━━━━━ DATA SUPPLIED ━━━━━
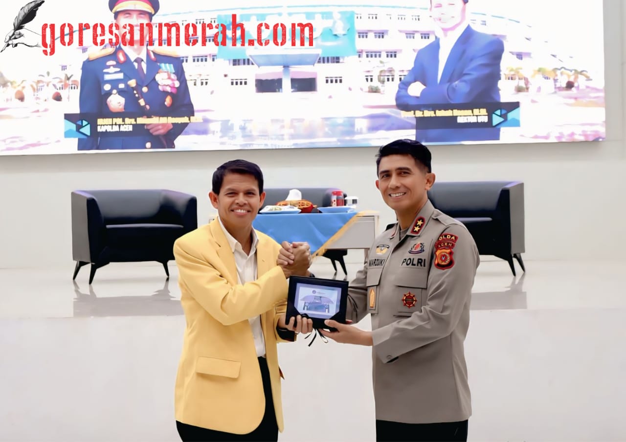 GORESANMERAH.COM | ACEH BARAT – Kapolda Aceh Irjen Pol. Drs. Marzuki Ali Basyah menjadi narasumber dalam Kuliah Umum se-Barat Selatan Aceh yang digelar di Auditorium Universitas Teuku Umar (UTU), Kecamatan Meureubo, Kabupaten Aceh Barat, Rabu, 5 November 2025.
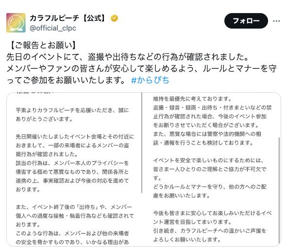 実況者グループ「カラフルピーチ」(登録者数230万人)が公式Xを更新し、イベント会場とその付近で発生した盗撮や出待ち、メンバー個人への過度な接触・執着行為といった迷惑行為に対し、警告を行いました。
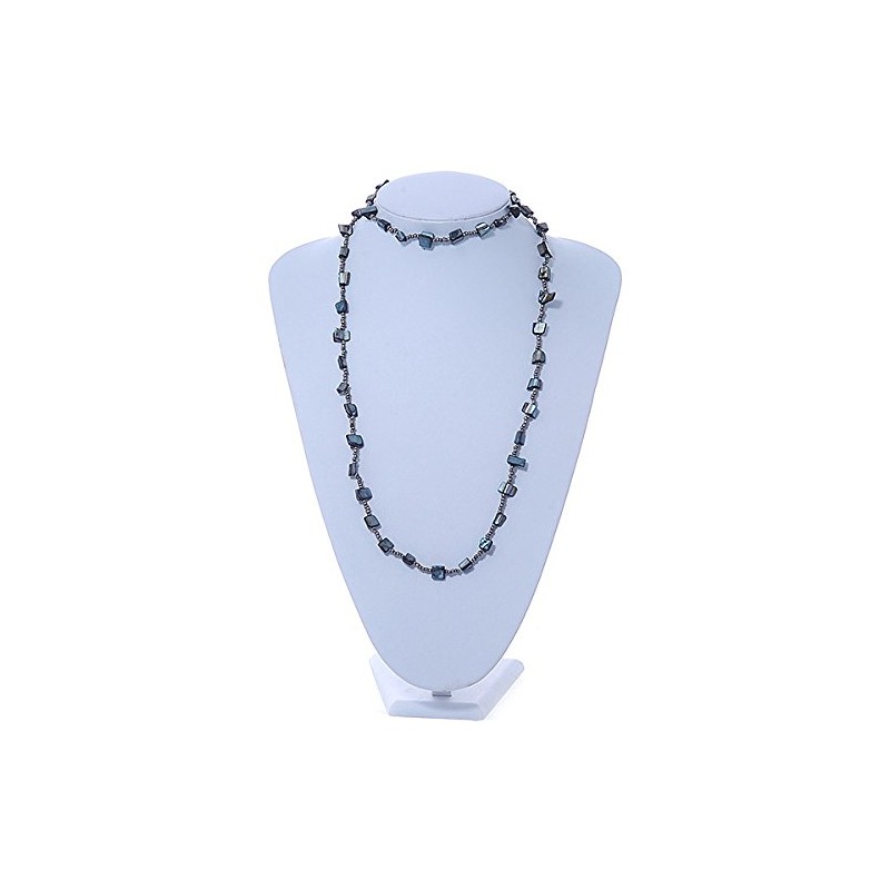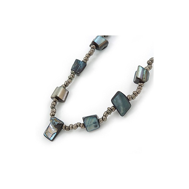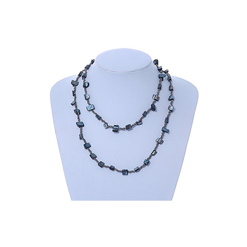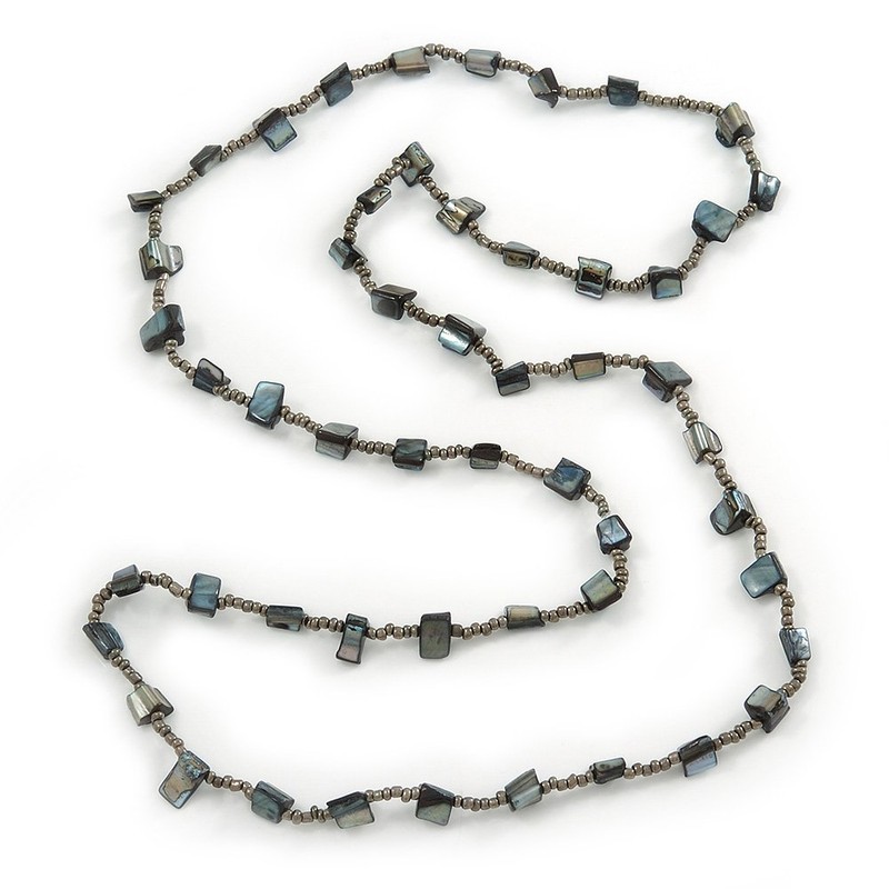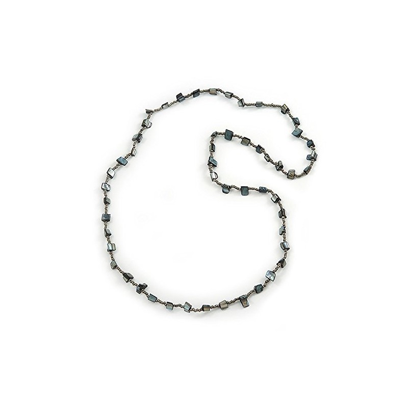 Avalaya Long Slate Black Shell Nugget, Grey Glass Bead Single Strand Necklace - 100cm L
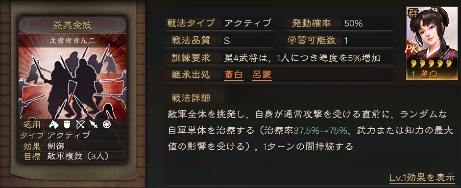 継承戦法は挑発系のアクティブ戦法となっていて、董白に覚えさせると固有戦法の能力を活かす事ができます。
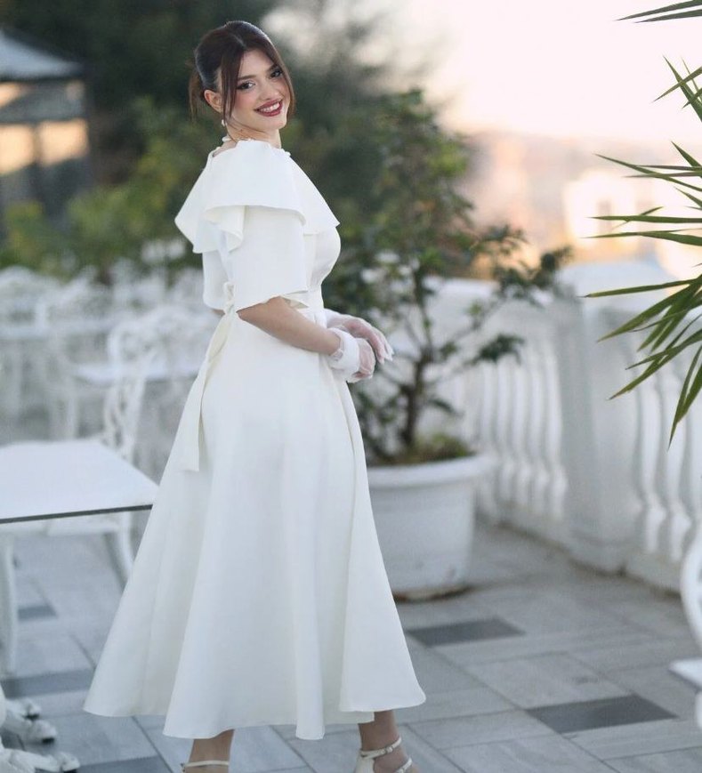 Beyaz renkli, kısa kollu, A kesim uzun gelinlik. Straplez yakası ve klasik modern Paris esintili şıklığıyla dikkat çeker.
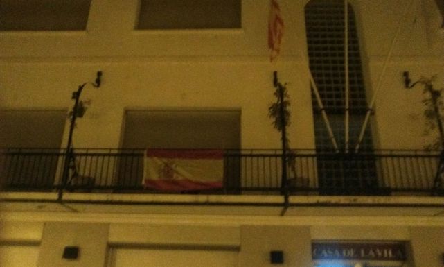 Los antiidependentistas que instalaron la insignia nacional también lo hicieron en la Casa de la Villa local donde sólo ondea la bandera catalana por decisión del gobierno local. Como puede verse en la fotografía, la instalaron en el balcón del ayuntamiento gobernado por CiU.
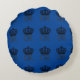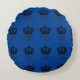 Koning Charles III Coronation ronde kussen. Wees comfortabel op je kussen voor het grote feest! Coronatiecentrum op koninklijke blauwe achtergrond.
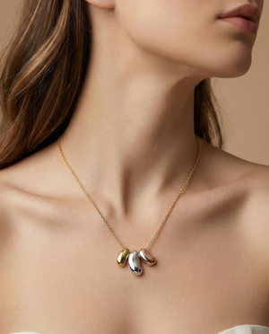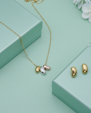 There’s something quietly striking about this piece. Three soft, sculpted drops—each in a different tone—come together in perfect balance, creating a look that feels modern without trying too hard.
━━━━━
━━━━━ DATA SUPPLIED ━━━━━
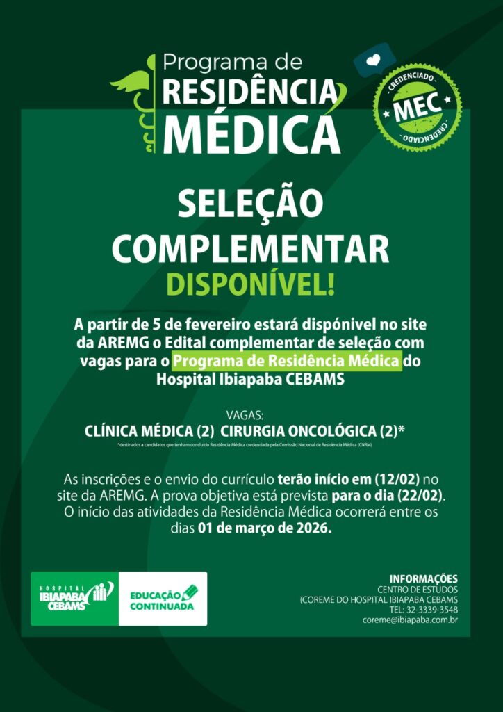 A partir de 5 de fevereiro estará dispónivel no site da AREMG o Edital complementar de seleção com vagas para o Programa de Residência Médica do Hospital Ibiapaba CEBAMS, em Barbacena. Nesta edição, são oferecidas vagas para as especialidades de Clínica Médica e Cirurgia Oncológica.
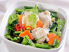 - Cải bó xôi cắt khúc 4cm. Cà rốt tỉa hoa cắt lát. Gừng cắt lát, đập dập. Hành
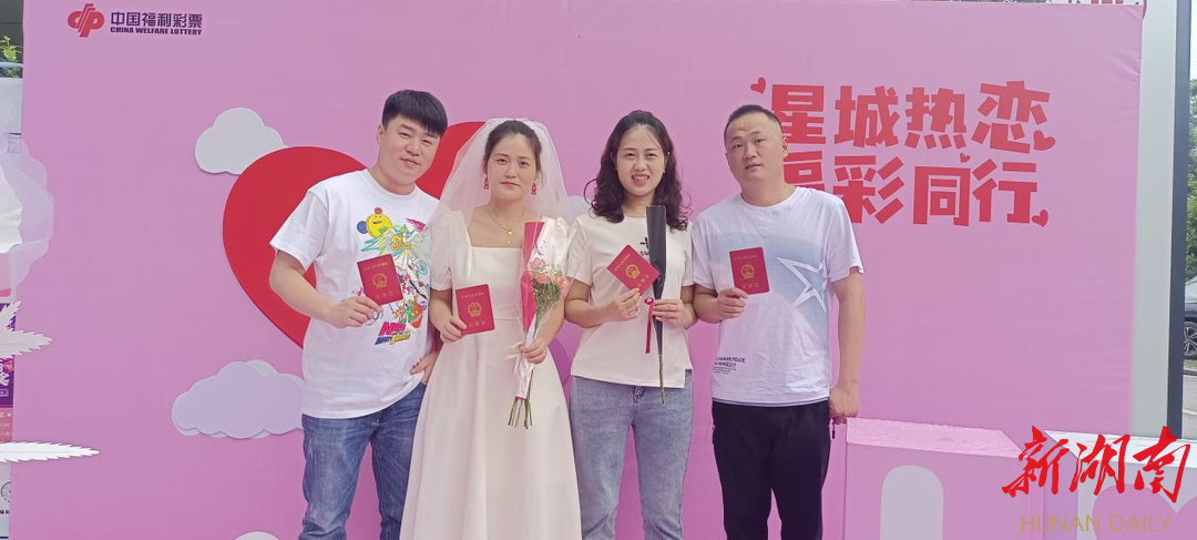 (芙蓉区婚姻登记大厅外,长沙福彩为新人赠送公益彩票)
━━━━━
━━━━━ DATA SUPPLIED ━━━━━
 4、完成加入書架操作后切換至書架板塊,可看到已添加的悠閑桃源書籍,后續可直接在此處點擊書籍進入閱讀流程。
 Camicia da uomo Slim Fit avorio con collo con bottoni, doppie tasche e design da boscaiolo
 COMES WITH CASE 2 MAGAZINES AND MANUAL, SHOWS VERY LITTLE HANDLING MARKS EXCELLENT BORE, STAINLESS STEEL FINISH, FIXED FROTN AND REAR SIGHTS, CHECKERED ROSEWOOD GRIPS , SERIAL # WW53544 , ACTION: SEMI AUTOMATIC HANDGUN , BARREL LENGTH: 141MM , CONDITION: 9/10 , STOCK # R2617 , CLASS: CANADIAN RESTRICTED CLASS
━━━━━
■ **ASSIGNMENT**
Everything between and including the line above containing "A partir de" and the line containing "(芙蓉区婚姻登记大厅外,长沙福彩为新人赠送公益彩票)" should be reproduced exactly, with pictures excluded.

■ **RESPONSE BOX**
 A partir de 5 de fevereiro estará dispónivel no site da AREMG o Edital complementar de seleção com vagas para o Programa de Residência Médica do Hospital Ibiapaba CEBAMS, em Barbacena. Nesta edição, são oferecidas vagas para as especialidades de Clínica Médica e Cirurgia Oncológica.
 - Cải bó xôi cắt khúc 4cm. Cà rốt tỉa hoa cắt lát. Gừng cắt lát, đập dập. Hành
 (芙蓉区婚姻登记大厅外,长沙福彩为新人赠送公益彩票)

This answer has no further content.